However, without the installed version of @code{gcc} being the
GNU Treelang version, @code{gcc} will not be able to compile
and link Treelang programs.
@cindex printing version information
@cindex version information, printing
The command @samp{gcc -v x.tree} where @samp{x.tree} is a file which
must exist but whose contents are ignored, is a quick way to display
version information for the various programs used to compile a typical
Treelang source file.
The @code{tree1} program represents most of what is unique to GNU
Treelang; @code{tree1} is a combination of two rather large chunks of
code.
@cindex GCC Back End (GBE)
@cindex GBE
@cindex @code{GCC}, back end
@cindex back end, GCC
@cindex code generator
One chunk is the so-called @dfn{GNU Back End}, or GBE,
which knows how to generate fast code for a wide variety of processors.
The same GBE is used by the C, C++, and Treelang compiler programs @code{cc1},
@code{cc1plus}, and @code{tree1}, plus others.

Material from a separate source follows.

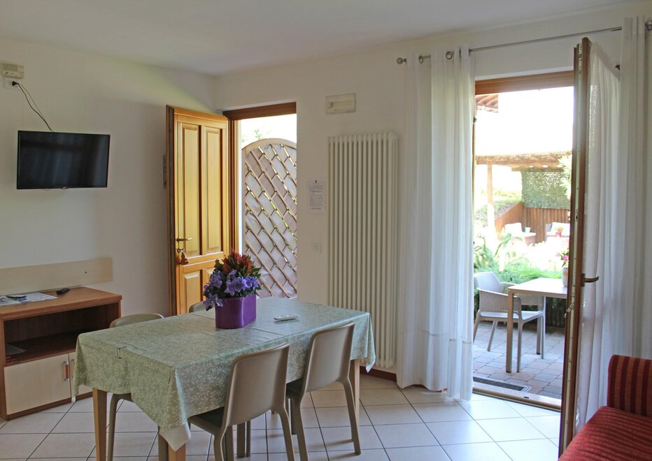 Mieszkanie dwupokojowe na parterze składające się z salonu z aneksem kuchennym i sofą, sypialni małżeńskiej z widokiem na ogród z szafą i łazienką.Wyposażenie pokoju

Often the GBE is referred to as the ``GCC back end'' or
even just ``GCC''---in this manual, the term GBE is used
whenever the distinction is important.
@cindex GNU Treelang Front End (TFE)
@cindex tree1
@cindex @code{treelang}, front end
@cindex front end, @code{treelang}
The other chunk of @code{tree1} is the majority of what is unique about
GNU Treelang---the code that knows how to interpret Treelang programs to
determine what they are intending to do, and then communicate that
knowledge to the GBE for actual compilation of those programs. This
chunk is called the @dfn{Treelang Front End} (TFE). The @code{cc1} and
@code{cc1plus} programs have their own front ends, for the C and C++
languages, respectively. These fronts ends are responsible for
diagnosing incorrect usage of their respective languages by the programs
the process, and are responsible for most of the warnings about
questionable constructs as well. (The GBE in principle handles
producing some warnings, like those concerning possible references to
undefined variables, but these warnings should not occur in treelang
programs as the front end is meant to pick them up first).

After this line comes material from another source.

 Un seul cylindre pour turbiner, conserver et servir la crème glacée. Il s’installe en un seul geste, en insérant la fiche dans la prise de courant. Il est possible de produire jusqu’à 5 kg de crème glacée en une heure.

Because so much is shared among the compilers for various languages,
much of the behavior and many of the user-selectable options for these
compilers are similar.
For example, diagnostics (error messages and
warnings) are similar in appearance; command-line
options like @samp{-Wall} have generally similar effects; and the quality
of generated code (in terms of speed and size) is roughly similar
(since that work is done by the shared GBE).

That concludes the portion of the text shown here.